2 Ways How Fly Fishing + Golf Are The Same
When trying to answer questions about fly rods to customers, I am always trying to find better and more detailed ways of explaining the differences in rod "action." When someone asks what the variance between a fast and slow action rod are, one correlation that I try and draw from is golf. I find that a lot of fly fisherman are either current golfers or have swung a club at some point in their life. I was recently talking to my great new intern, Adam (who plays college golf), about the similarities with fly rods and golf clubs. Here are two striking similarities between the two and how bringing golf into the conversation can help explain fly fishing a little better...

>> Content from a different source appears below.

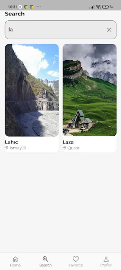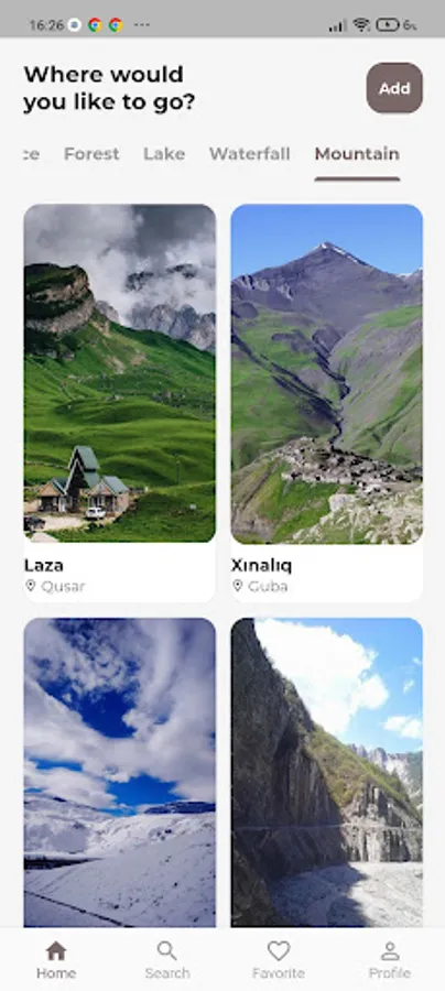 The first page of the application shows all the destinations divided into categories (place, forest, mountain, waterfall, etc.). By clicking on them, it is possible to see detailed information. You can also jump to the map by clicking the "Show on map" button. In the application, a dynamic search page is designed to easily find destinations. It is possible to register from the application using username/password, google and apple sign in methods. Registered users have the ability to favorite any destination and add a new destination. The application currently supports two language options (en, az). Various functionalities can be added to the program in the future. For example: writing reviews about destinations, loading guide information when entering the details of any destination, etc.

Just like in fly fishing, there are many available options for golf clubs when looking to buy. If a golfer knows that their club speed is on the lower side, they are going to get a shaft for that club that has more flex. This tends to be with the newer/younger golfers as well as older players. So for example: a senior who loves to play golf everyday wants to get a new driver - He is going to buy a club he knows he will be able to hit the best - Which in the golf world would be a "senior flex" shaft. The same principles apply in fly fishing. An angler who is just beginning, or a senior, does not produce the same amount of line speed as a more experienced angler does. A person like this would be looking at a slow action rod, or a "softer" rod. This will give them the line speed that their body cannot produce. A softer rod provides more room for error in a cast as well and can help with accuracy.

Fly Fishing - Golf


    In fly fishing, someone who is looking for a rod that goes further will classically want a rod which is longer. Longer rods provide the ability to cast further distances. The same ideas apply is golf, the longest club in a golfer’s bag is their driver. This club hits the furthest and is usually less accurate. On the flip side, an angler who is looking for a rod that is more accurate, they are going to get a rod that is much shorter. Shorter rods are generally more accurate but suffer at distance. In golf, the shortest club in a golfer’s bag is going to be a wedge. Their wedge is used for shorter shots with accuracy to get close to the pin.